Tesla might be serious about producing its own batteries (Photo: Shutterstock)

After a long history of bears pulling down its stock price, Tesla is now witnessing an astonishing surge in its market value. Since the start of this year, Tesla’s stocks have risen by roughly 85%, crushing estimates and stunning market analysts. This performance is partially due to Tesla beating analysts’ expectations on Q4 2019, reporting $7.4 billion in revenue — a 17.5% jump from the previous quarter. 

At the heart of Tesla’s auto ambitions is the electric battery, the energy source for all its vehicles, and a technology with endless possibilities to improve upon. In the context of electric batteries, there are two distinct factors at play — energy efficiency and production costs. 

With Tesla increasingly being seen as a technology company rather than an auto company, it is surprising that the company has stayed away from improving on the efficiency of electric batteries, choosing to outsource its battery requirements to Panasonic. Nonetheless, outsourcing batteries has been a norm within the electric vehicle segment. For instance, Daimler gets its batteries from Chinese supplier CATL, while Samsung supplies batteries to the Volvo Group.

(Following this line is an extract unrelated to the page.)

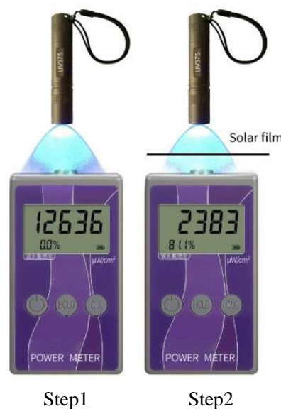
Figure1: Measuring the UV rejection rate of solar film

To measure the UV rejection rate of solar films and insulated glass, etc, two steps shall be carried out:

But as relations have soured with Panasonic, there have been multiple reports of Tesla mulling the manufacturing of its own batteries, with Musk hinting at that during the company’s shareholders meeting last July. 


A few months before this meeting, Tesla had acquired California-based supercapacitor maker Maxwell for $288 million, which will help bolster its efforts toward developing battery technology in house. In October, Tesla acquired Canadian battery manufacturer Hibar Systems, further reinforcing its bid to manufacture its own batteries.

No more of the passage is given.